Can we still get the capacitor to charge up to same PD as the battery even if there is a resistor? If we can, how is it possible?

It's the same as connecting two water tanks together with a very narrow pipe. Initially, there is a big pressure difference so the flow will be fast. As the levels become more equal, the pressure difference is less and the flow rate is less. In an ideal situation, the flow never stops - it just gets slower and slower and the levels are never exactly zero. An Exponential Decay curve describes what happens. It's the same with charging a capacitor through a resistor, the current drops ever slower and the voltage rises ever slower - also following an Exponential Decay curve. You could say that the capacitor never 'fully' charges - but pretty soon it gets near enough to be considered 'full'. For a 1MΩ resistor and a 1μF capacitor, the voltage on the capacitor will be (1/e)V away from being fully charged (V) after 1s. We call RC the Time Constant.

 

[anorlunda]

Why does capacitor charges up to full voltage as the emf of the battery even if there is a resistor is connected in series? I know that having a resistor means it will take longer to charge the capacitor but shouldn't some energy need to be lost in the resistor as well?

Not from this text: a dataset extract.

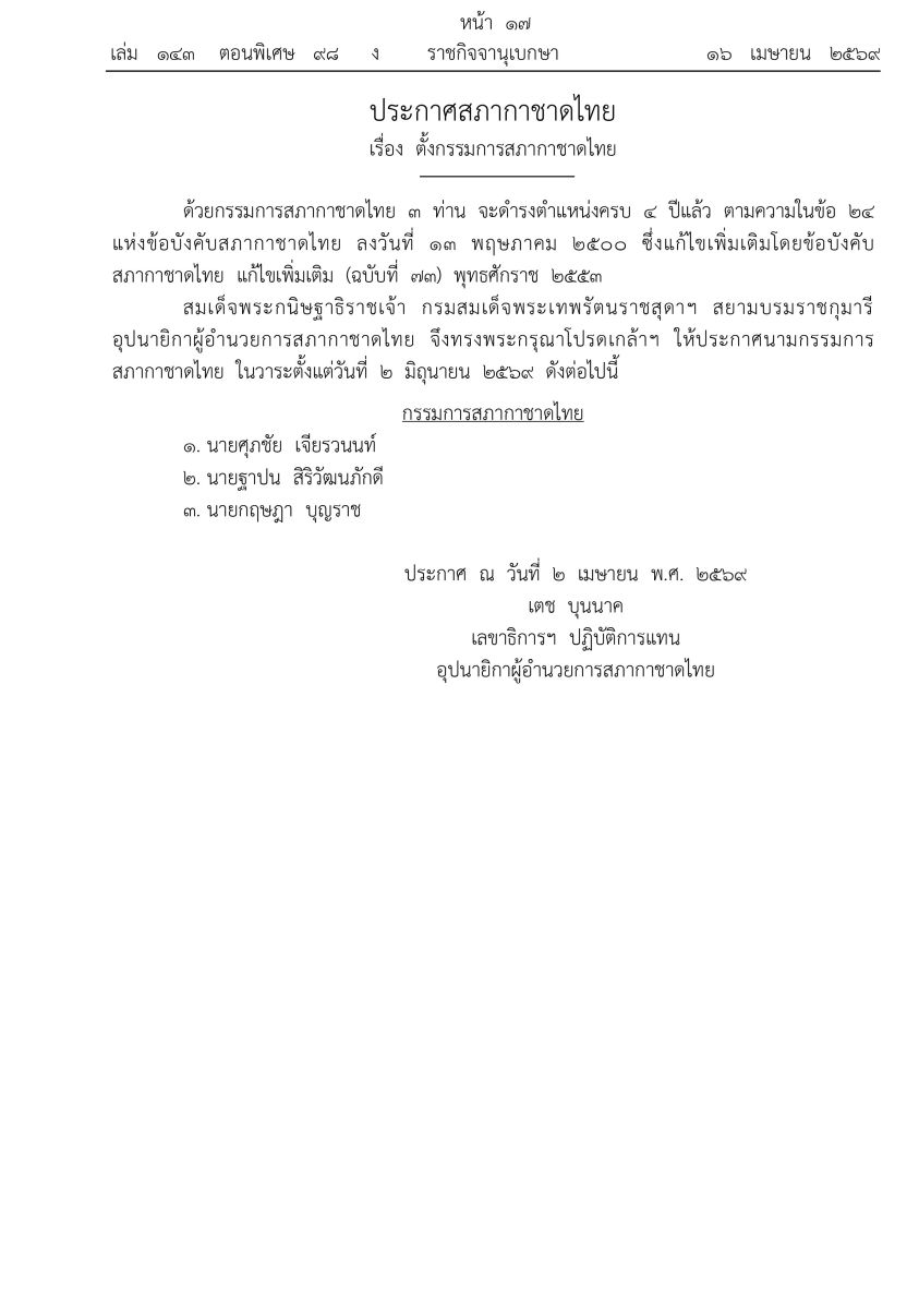 16 เมษายน 2569 ราชกิจจานุเบกษา เผยแพร่ ประกาศสภากาชาดไทย เรื่อง ตั้งกรรมการสภากาชาดไทย มีเนื้อหาว่า ด้วยกรรมการสภากาชาดไทย 3 ท่าน จะดำรงตำแหน่งครบ 4 ปีแล้ว ตามความในข้อ 24 แห่งข้อบังคับสภากาชาดไทย ลงวันที่ 13 พฤษภาคม 2500 ซึ่งแก้ไขเพิ่มเติมโดยข้อบังคับสภากาชาดไทย แก้ไขเพิ่มเติม (ฉบับที่ 73) พุทธศักราช 2553

Energy is lost in the resistor. You are wrongly equating voltage and energy. In circuits, power is voltage times current. Power is the rate of energy delivery.

Always keep your units straight to avoid confusion.

 

[Kajan thana]

Energy is lost in the resistor. You are wrongly equating voltage and energy. In circuits, power is voltage times current. Power is the rate of energy delivery.

Always keep your units straight to avoid confusion.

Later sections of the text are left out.